Uniwersytet Jagielloński Collegium Medicum Zakład bioinformatyki i telemedycyny

Dr Elżbieta Broniatowska

Publikacje:

Nalewajski, R. F.; Świtka (obecnie Broniatowska), E.; Michalak, A. “Information Distance Analysis of Molecular Electron Densities”, Int. J. Quantum Chem. 2002, 87,198-213,

Nalewajski, R. F.; Świtka, E. “Information Theoretic Approach to Molecular and Reactive Systems”, Phys. Chem. Chem. Phys. 2002, 4 , 4952-4958,

Nalewajski, R. F.; Broniatowska, E.“Entropy Displacement and Information Distance Analysis of Electron Distributions in Molecules and Their Hirshfeld Atoms”, J. Phys Chem A, 2003, 107, 6270-6280,

Nalewajski, R. F.; Broniatowska, E. “Information Distance Approach to Hammond Postulate”, Chem. Phys. Lett., 2003, 376, 33-39,

Nalewajski, R. F.; Broniatowska, E. “Entropy/Information Indices of the “Stockholder” Atoms-in-Molecules”, Int. J. Quantum Chem., 2005, 101, 349-362,

Nalewajski, R. F.; Broniatowska, E. “Atoms-in-Molecules from the Stockholder Partition of the Molecular Two-electron Distribution”, Theoret. Chem. Acc., 2007, 117, 7-27,

Brylinski, M.; Kochanczyk, M.; Broniatowska, E.; Roterman, I.“Localization of ligand binding site in proteins identified in silico”, J. Mol. Model., 2007, 13, 665-675,

Broniatowska, E.; Stepien, A.; Roterman, I.“The ligand database server”, Bio-Algorithms and Med-Systems2006, 4, 21-24,

Broniatowski, M.; Obidowicz, K.; Romeu, V. N; Broniatowska, E.; Dynarowicz-Łątka, P. “Mixed Langmir monolayers of gramicidin A and fluorinated alcohols” J. Coll. Int. Sci., 2007, 313, 600-607,

Broniatowska E. „Chemical Pathways – Application to the Classification of the Molecular Point Groups”, Bio-Algorithms and Med-Systems 2009, 5, 117-120,

Stanisz A.; E. Broniatowska“Techniques of Nominal Data”, Bio-Algorithms and Med-Systems2012, 8, 237-254,

Działalność naukowa:

Moje zainteresowania naukowe skupiają się wokół dwóch odrębnych dziedzinach naukowych, co ma związek z moim wykształceniem kierunkowym.

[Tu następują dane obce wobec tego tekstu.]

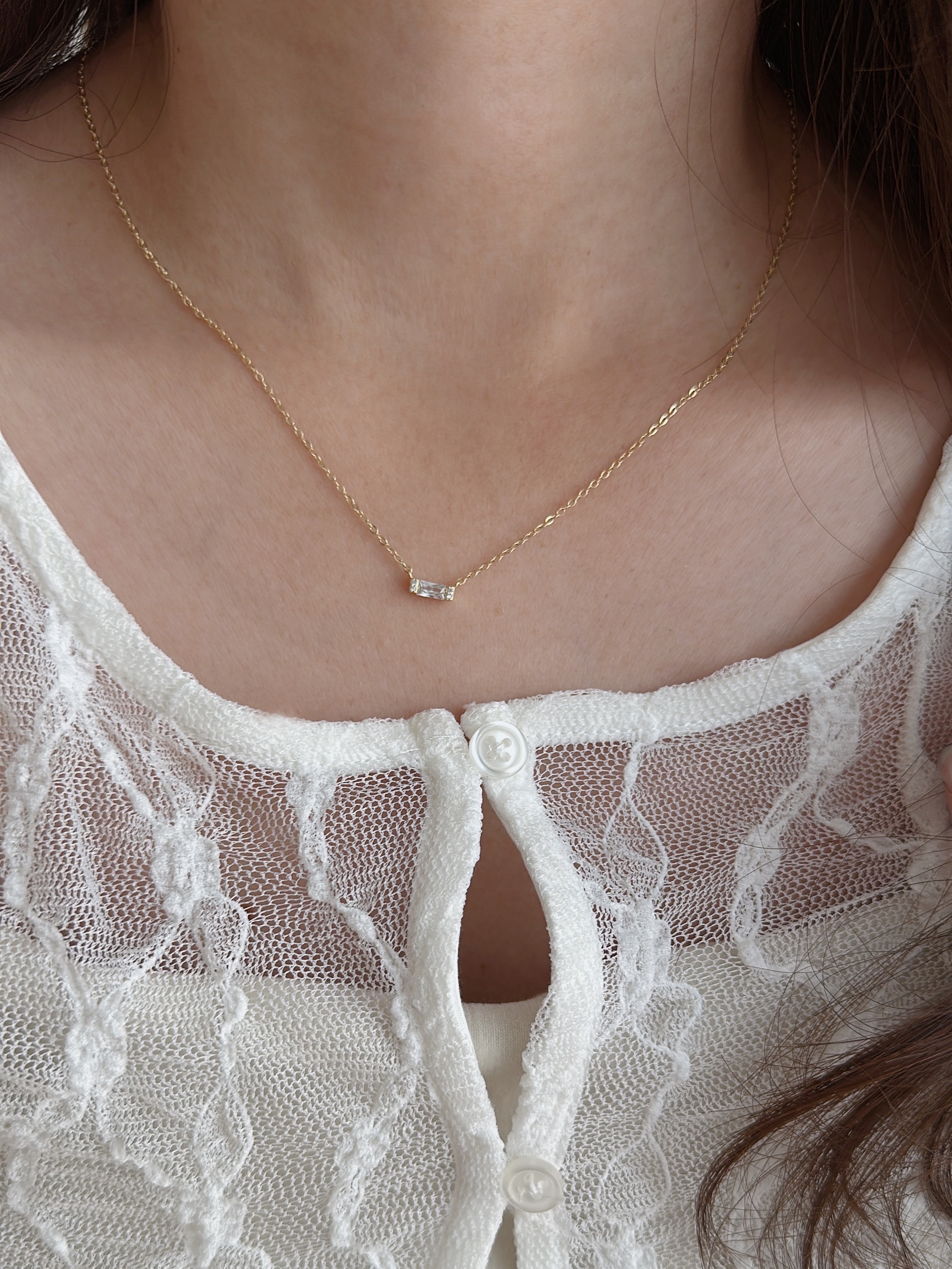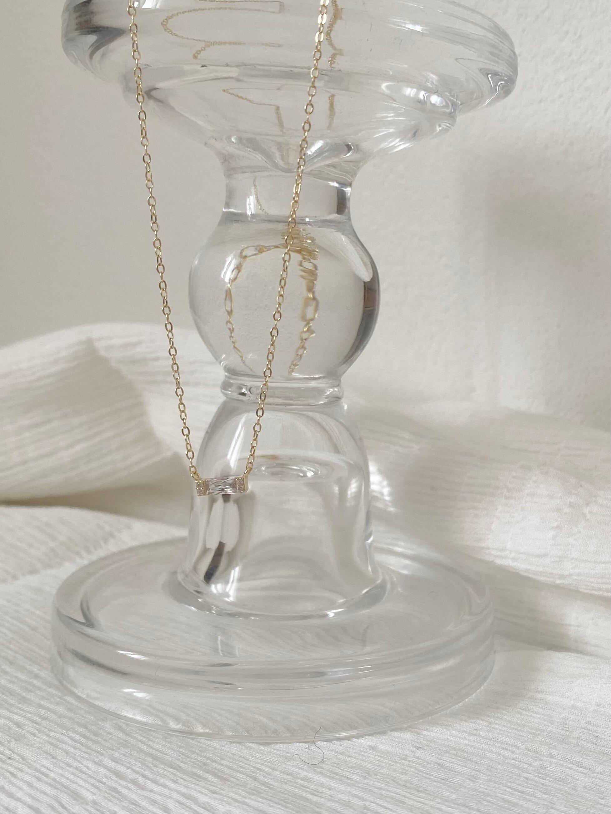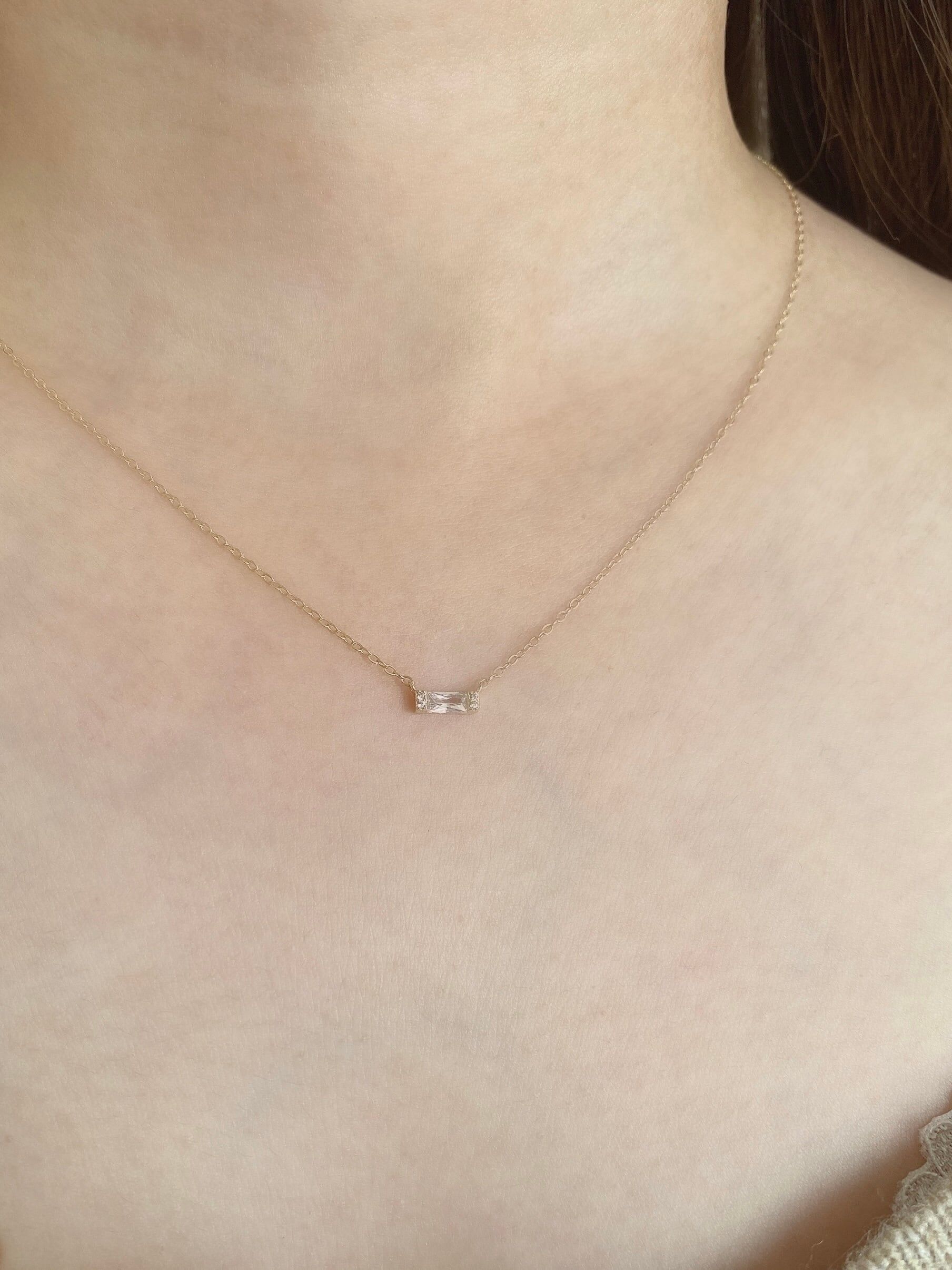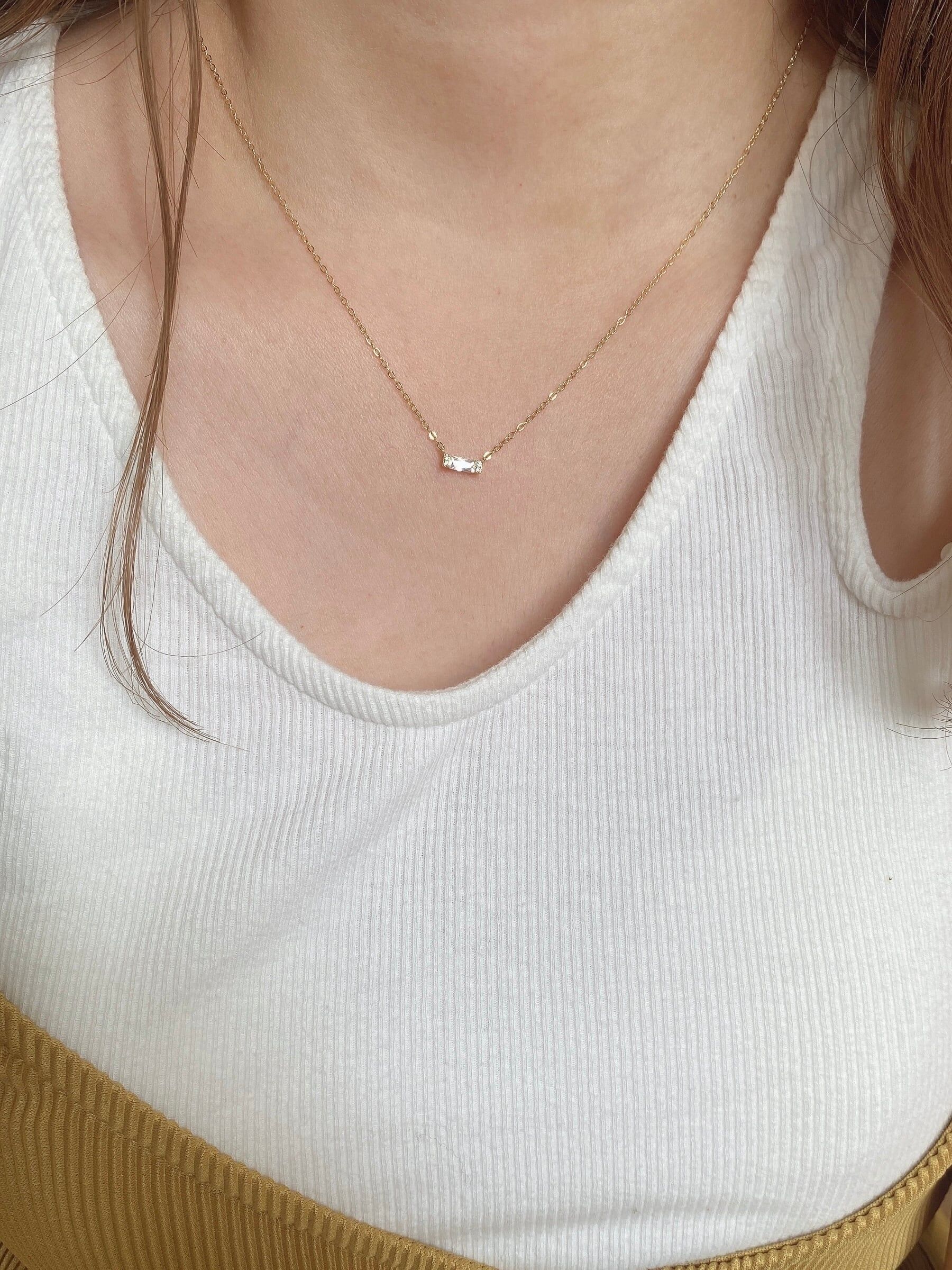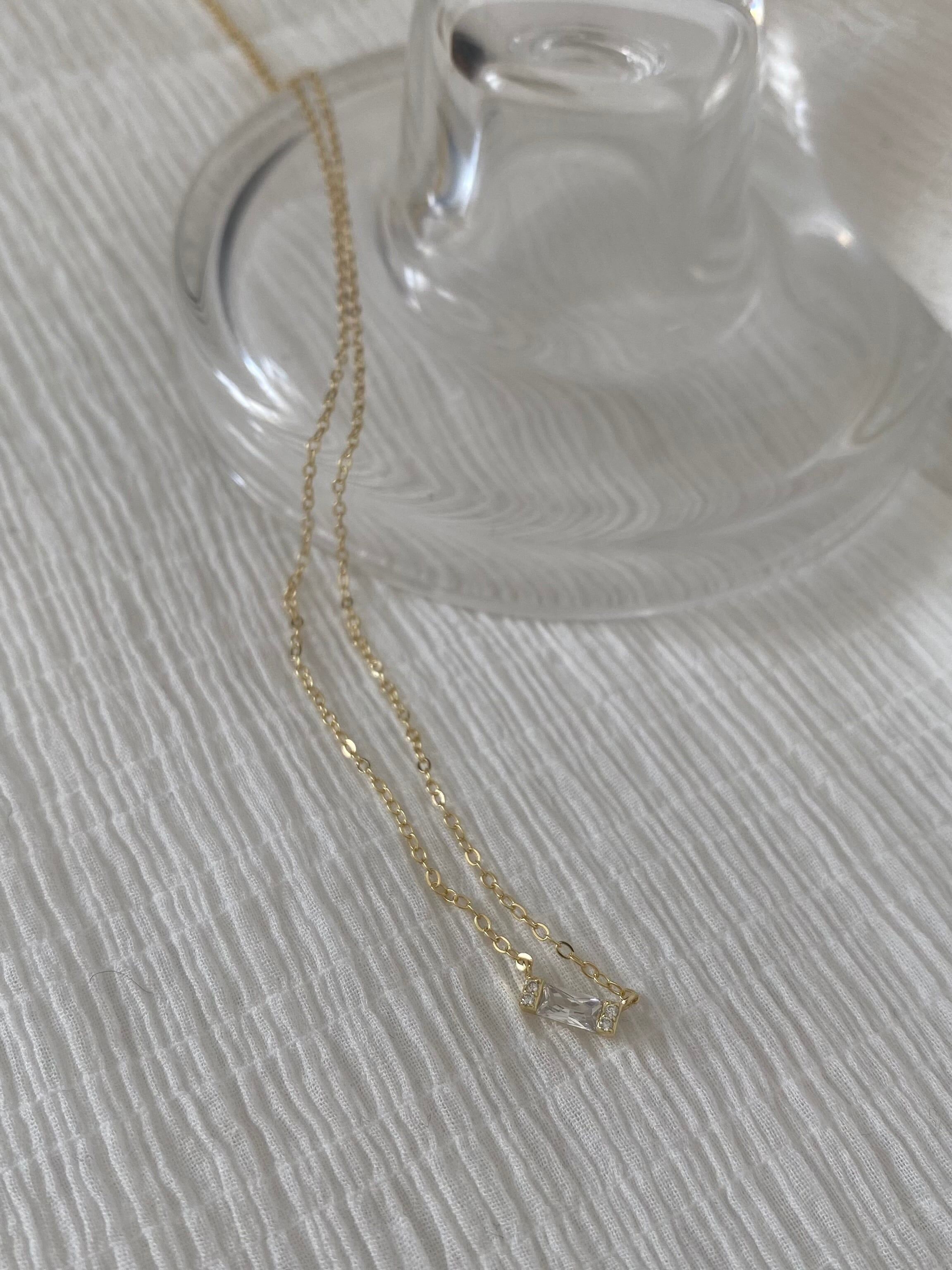 單顆小巧的長方形鋯石,墜飾設計項鍊✧︎*

Jako matematyk jestem zainteresowana zagadnieniami statystyki matematycznej, a w szczególności jej zastosowaniem w naukach medycznych. Prowadzę zajęcia dla studentów medycyny, których celem jest przybliżenie metod statystycznych w odniesieniu do danych medycznych zarówno na gruncie teoretycznym, jak i praktycznym w formie obsługi wybranego pakietu statystycznego. Jestem również opiekunem Studenckiego Koła Biostatystycznego zrzeszającego studentów medycyny zainteresowanych poszerzaniem swojej wiedzy z zakresu biostatystyki o zagadnienia znacznie wykraczające poza zakres kursu ze statystyki na studiach medycznych. Przedstawiony na regularnych spotkaniach koła materiał jest następnie wykorzystywany przez studentów do opracowania danych samodzielnie przez nich zebranych. Udzielam również konsultacji oraz pomocy w opracowaniu statystycznym danych medycznych.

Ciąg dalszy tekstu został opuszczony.